Saturday, February 13, 2016

My Aliyah Has Been Approved!

The email arrived Friday afternoon, thirty-five weeks after my interview. I stared at it blankly for probably two minutes, wondering if I was reading it correctly, if it really said that my aliyah application had been approved.

When I convinced myself it did, I pictured myself back in Israel-- and then, finally, I reacted. My hands shot up to the sky and I gasped, "Yes!"

I contacted all my friends and even acquaintances to share the good news. While I was wandering around the cactus and succulent gardens at the Tucson Botanical Gardens, I daydreamed about being in the Negev. Then I wrote out my to do list. (It is much shorter than it was at this time last year!)
find a good home for my cat
just donate everything
sell my car
pack my suitcases
get on the aliyah flight
So which aliyah flight? How soon could this be accomplished? A friend pointed out, "You will need to make sure you're healthy and strong for your move so the stress doesn't knock the stuffing out of you." She has a point, but how much more time do I need to get well? It has been very troubling (ok, frightening) that I can't seem to overcome whatever it is I've caught.

I paused amid the excitement and looked inside. I realized that I did not have the energy to re-pack my things even just well enough to donate them.

The aliyah approval is good for a year and the visa will be good for six months. (I wonder: does it really take just two weeks to get the visa? It was supposed to take no more than eight weeks to get the approval, but it took more than four times that long.)

An Asherah Tree in Tucson
Since the absorption center doesn't accept "old" folks like me, I'll have to find a rental. I'll be looking for a room rather than an apartment because shipping my household goods no longer seems justifiable financially. I spent a lot keeping myself in cheap hotel rooms from after I sold my house in May until I moved into this apartment in November, and it will cost quite a bit to break my lease here.

There's no need to bring a lot of household goods, but there are many things it will be hard to part with. I notice a part of me resisting the idea of uprooting myself again. I'd been "homeless" for six months before I rented this apartment. I needed a home and now I hesitate to give it up.

I've used my time in Tucson well, despite getting sick just after I moved in: I attend Torah study regularly, I found a wonderful chevruta and we've been studying Leviticus, I've met quite a few very nice people, and I've gone to the botanical gardens a few times. But I feel some regret about the things I have not crossed off my to do list. And the Federation's tour of Jewish Tucson today made me feel that this could be a good place to live.

How foolish to feel any hesitation now that I can make aliyah! I'm more myself in Israel.  I belong to the Land and I won't thrive anywhere else. 

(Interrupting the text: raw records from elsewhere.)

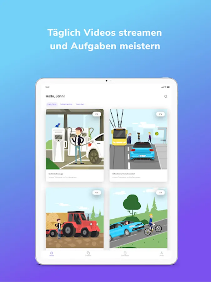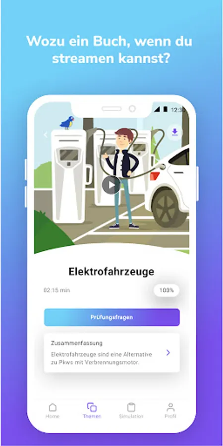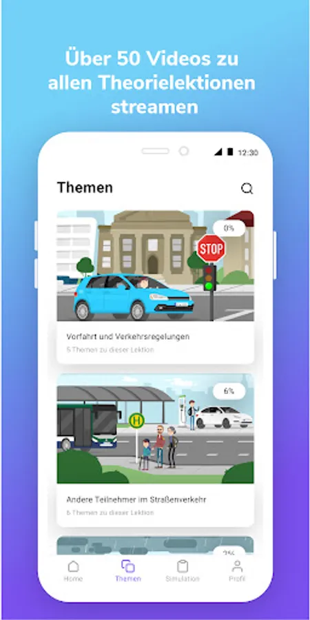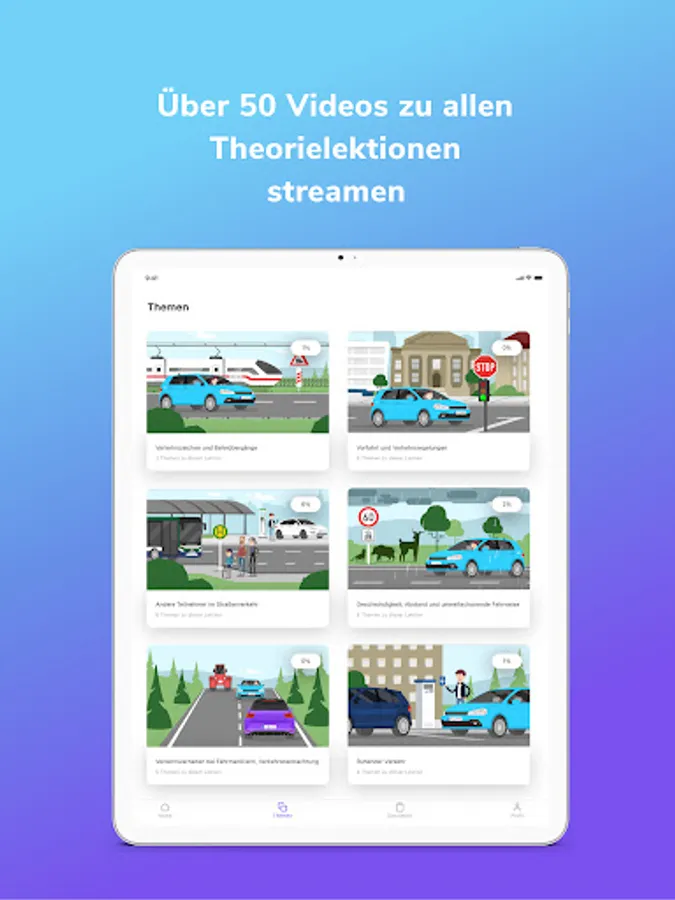 With your app you can now stream short videos on more than 50 topics of the theory lessons. Together, the new videos replace the traditional textbook.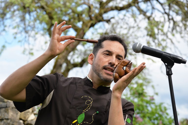 iTo és un personatge apassionat pels sons del món sencer. Ens convida al seu jardí musical, on el que més li agrada és fer escoltar i alimentar la imaginació. Juga amb tot el seu cos com si fos un instrument i ens submergeix en un viatge sonor per les ribes d’Àsia, Àfrica, Amèrica del Sud i Europa. Sentirem gongs javanesos, xinesos i tibetans, la Sanza, el charango, cançons multilingües i còmplices animals dotats de sons sorprenents...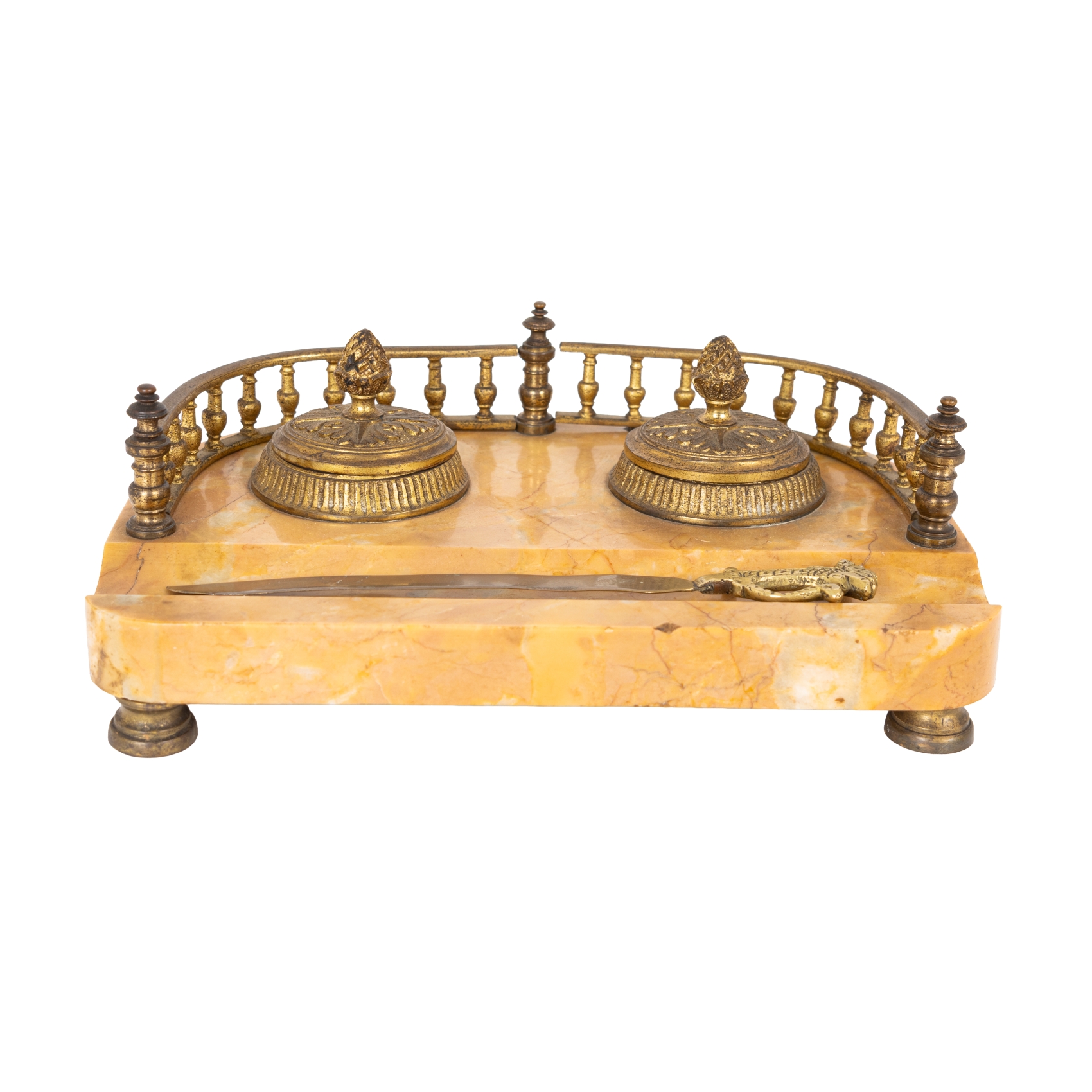 Escribanía de dos tinteros en ónix con decoraciones en bronce dorado, s.XX. Adjunta abrecartas en metal dorado con forma de sable.
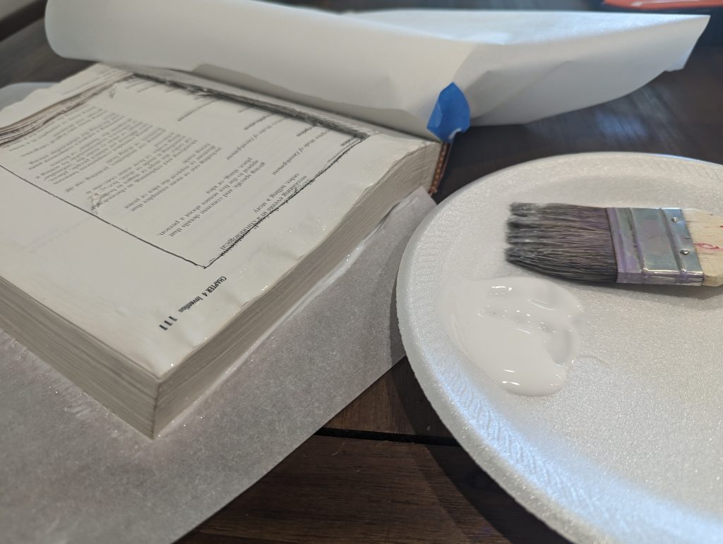 Between the first and last 100 pages, we will carve our compartment. Use the paintbrush to apply glue to the compartment pages. Be generous with it. Once it’s all glued, take a break and let it dry.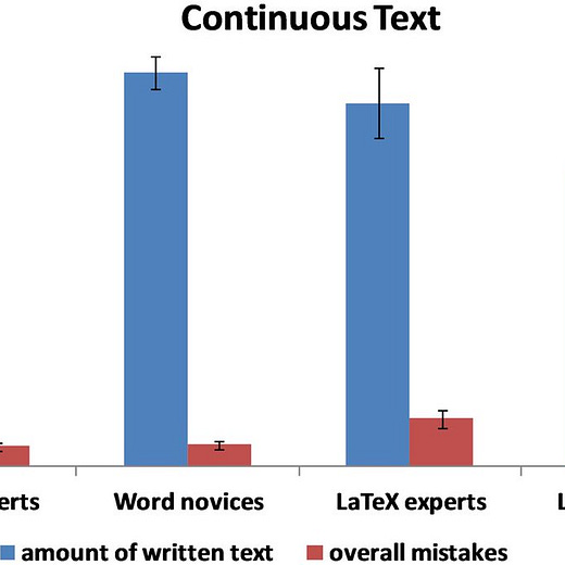 Sorry for bad news, economists: “our results suggest that LaTeX reduces the user’s productivity and results in more orthographical, grammatical, and formatting errors, more typos, and less written text than Microsoft Word over the same duration of time.” journals.plos.org/plosone/articl…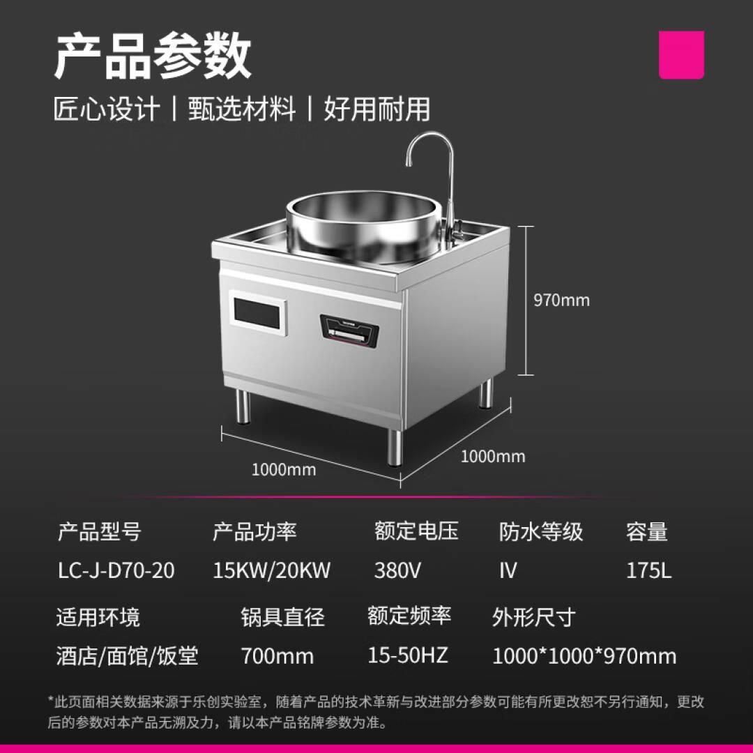 乐创(lecon)商用大锅灶大功率煮面炉商用汤炉 锅径700 20KW电磁灶 不锈钢工程款 LC-J-D70-20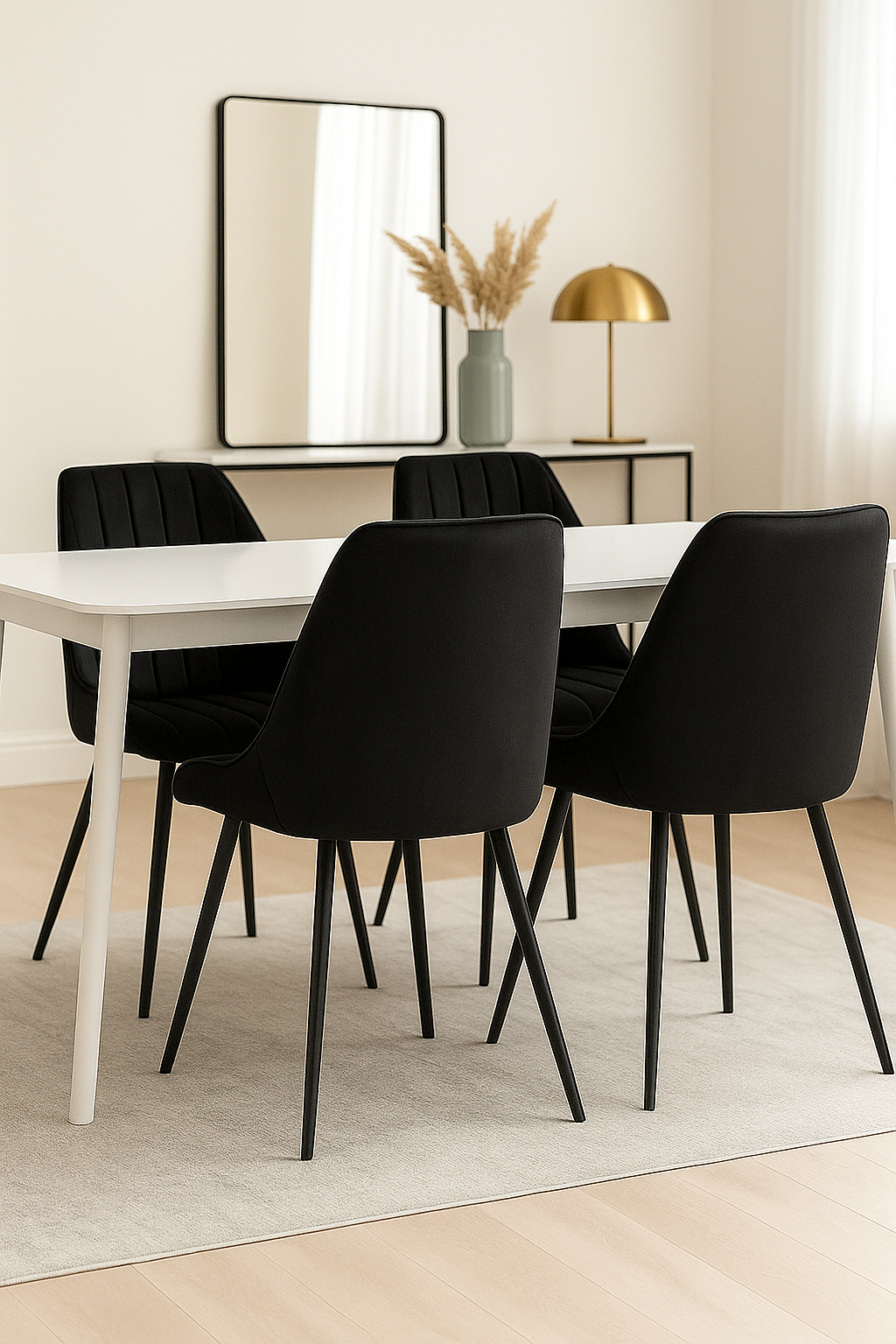 Esszimmerstühle Schwarz Samt mit Schwarzen Metallbeinen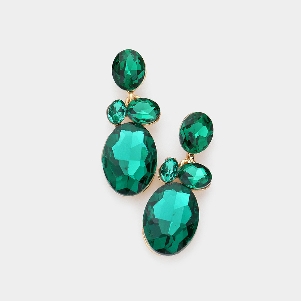 Marquise Glass Crystal Oval Cluster Vine Evening Earrings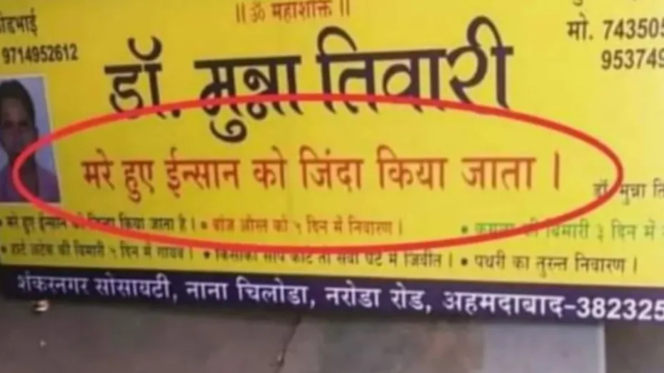 दरअसल, डॉक्टर साहब का एक बिलबोर्ड किसी सार्वजनिक स्थल पर लगा हुआ था। जिसकी तस्वीर क्लिक कर किसी व्यक्ति ने सोशल मीडिया पर पोस्ट कर दी। वायरल बिलबोर्ड पर डॉक्टर साहब ने यह दावा किया कि उनके यहां मरे हुए इंसानों को भी जिंदा किया जाता है। पोस्टर पर डॉक्टर का नाम डॉ. मुन्ना तिवारी लिखा गया है। जिनका पता - शंकरनगर सोसायटी, नाना चिलोड़ा, नरोडा रोड अहमदाबाद बताया गया है। साथ में उनका फोन नंबर भी इस बिलबोर्ड पर लिखा हुआ है। डॉक्टर साहब कई अन्य चीजों का भी दावा कर रहे हैं। जिसमें बांझ औरतों का 5 दिन में निवारण, हार्ट अटैक की बीमारी 5 दिन में गायब, किसी को सांप काटे तो उसे सवा घंटे में जीवित करने का दावा और पथरी जैसी बीमारी का तुरंत निवारण करने की बात कर रहे हैं।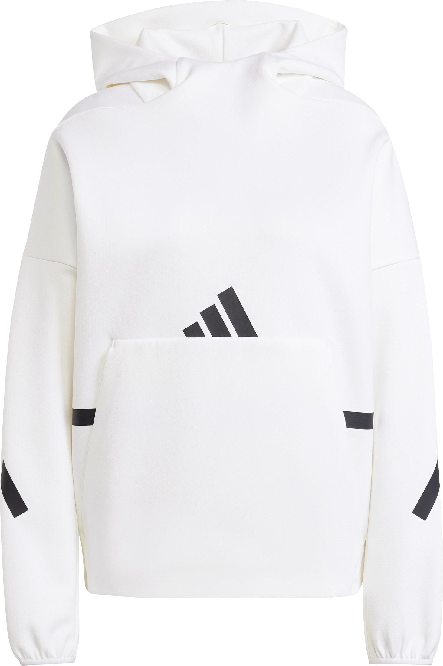Hoodie aus 3-lagigem, warm- und trockenhaltendem Doppelstrick-Gewebe; Kapuze mit hochabschließendem Kragen; 3 Bar-Logo; gummierter Linienprint; Kängurutasche; elastische Abschlüsse; lockere Passform; mit Recyclingmaterial hergestellt; Material 57% Polyester (recycelt), 43% Baumwolle.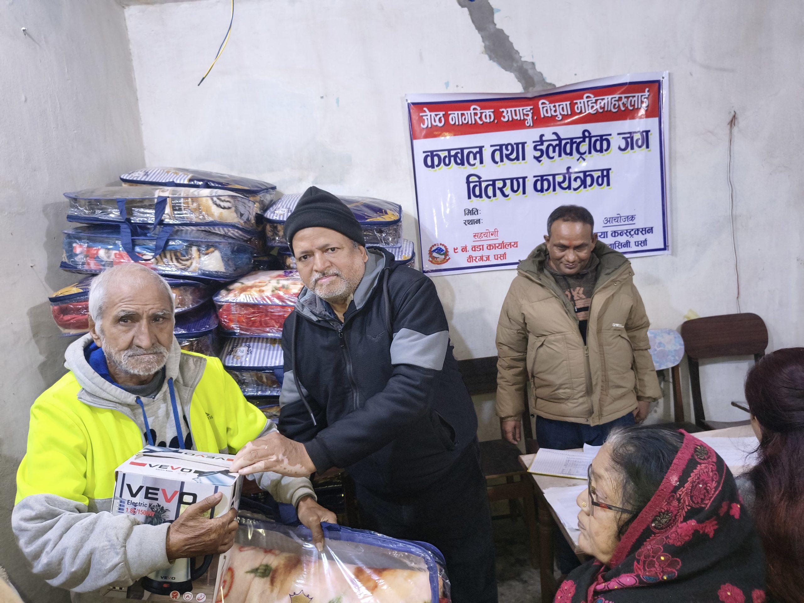 जेष्ठ नागरिक, अपाङ्ग तथा विधुवा महिलाहरूलाई लक्षित गरी कम्बल तथा इलेक्ट्रिक जग वितरण कार्यक्रम सम्पन्न भएको छ। वीरगञ्ज महानगरपालिका वडा नं. ९ को सहयोगमा अदया कन्स्ट्रक्सन, बिन्दवासिनी पर्साद्वारा आयोजित उक्त कार्यक्रम वडा नं. ९ का वडा अध्यक्ष जवाहर प्रसाद गुप्ताको नेतृत्व तथा अध्यक्षतामा सम्पन्न भएको हो।
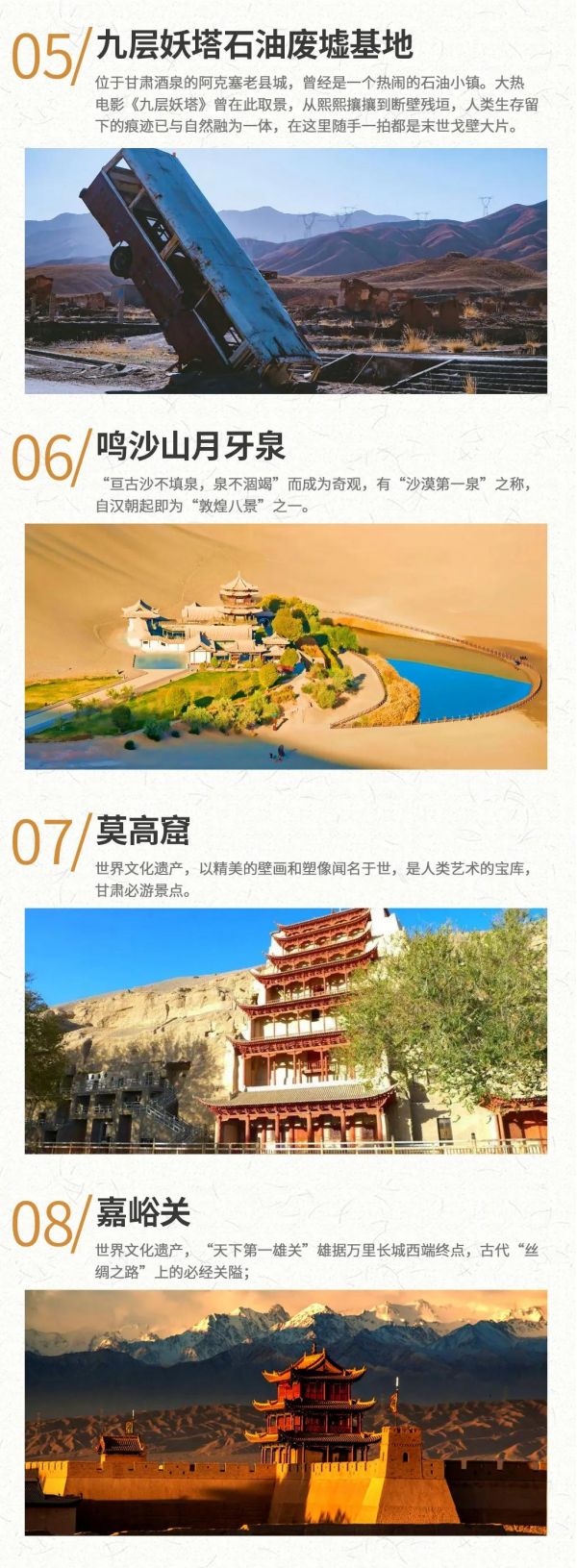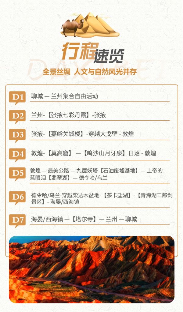 1. 敦煌莫高窟景區(qū)自2015年6月起實行數(shù)字展示中心數(shù)字洞窟展示和莫高窟實體洞窟體驗的預約參觀模式,每天限6000人參觀,團隊參觀時間嚴格按照莫高窟預約場次進行,因此,敦煌段景點參觀順序會根據(jù)莫高窟時間進行調(diào)整或同團客人安排不同時間游覽,敬請配合。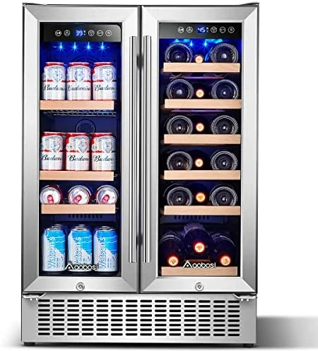 - ?2-IN-1 Wine and Beverage Cooler–The dual zone design can hold up 19 standard Bordeaux bottles (width: 2.75 inch, height: 11.8 inch) and 57 pops cans. This beverage cooler is perfect for you to store Wine,Soda,Beer,Water, together.Safety lock is available.wine cooler refrigerator is a perfect companion for wine enthusiast to store specific or various wine.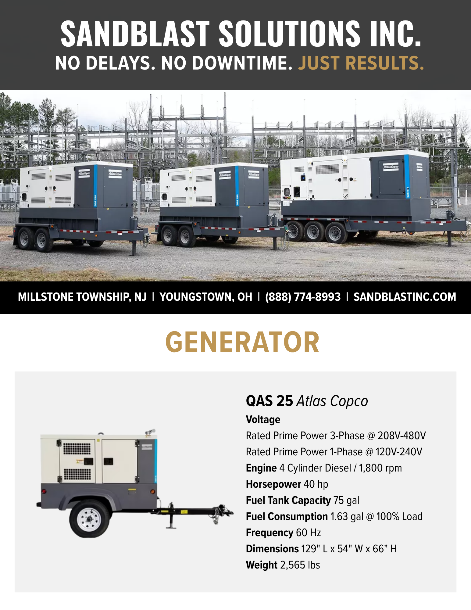 The Atlas Copco QAS 25 ID T4F generators are prime power, multi-voltage, sound attenuated, mobile generators. They are powered by an Isuzu Tier 4 Final, liquid-cooled, four cylinder diesel engine.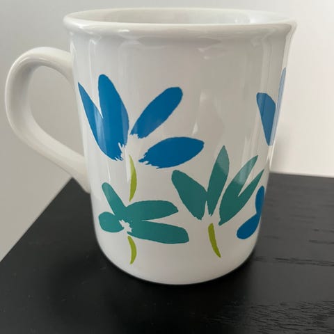 Arabia sesonki Muki, jossa vihreä kuusi-kuviointi. Keraaminen materiaali, valkoinen pohjaväri ja vihreät kuusikuvioinnit.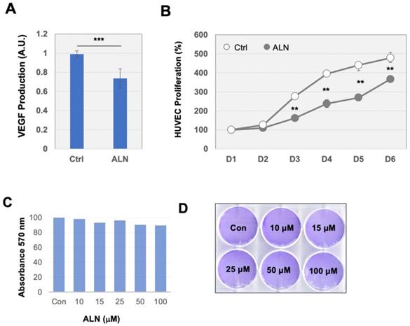 Angiogenic pathways may be upregulated by ALN treatment. (A) Secretion of VEGF in MG-63 bone cells treated with ALN. Effect of ALN treatment on the secreted VEGF levels into conditioned medium by MG-63 cells. Values (mean and standard deviation (SD)) are expressed as fold-changes compared to untreated cells (Ctrl, control). (B) Proliferation of HUVEC in the collected media of MG-63 cells. **p < 0.001, compared to control (Student's t-test). (C-D) No apoptosis was observed within the treatment period of 6 h. (C). Cell viability of MG-63 cells. MTT assay revealed no viability changes by ALN treatment. (D) Crystal violet staining assay showed no cell mass changes in response to varying concentration of ALN for 6 days. Experiments were done 6 times. Representative images were shown.

I've spoken with a woman who lives in Karmiel, Sylvia, and it sounds like the perfect Israeli town for me. My chevruta is willing to continue studying with me via Skype. Israel is my destination; why stop now?

Nesting in a saguaro
Jon suggested that I plan to go in April, which would give me adequate time to get healthy and to make living arrangements, but Sylvia pointed out that government offices are closed that month for Pesach. So I will have to go after April. (Will I want to fly right back to the States for Kohenet in August? I certainly can't wait until August to make aliyah! But I also can't interrupt ulpan for a trip to the States.)

This doesn't have to be complicated. The only significant hurdle is finding a home for Nutmeg. (I don't dare think about what it will be like to part with her.) I created a flyer and I took her to the vet for a check up. She has a slight infection. The first antibiotic made her nauseous, so we're trying a different one.

Israel awaits! Of course I do need to regain my health and strength before I go. My doctor's appointment is on the 29th. If I'm not better by then, surely he can fix me up quickly.

A few months ago, I wrote that my greatest fear was that I might never make aliyah. It bothers me that I'm not rushing out the door now.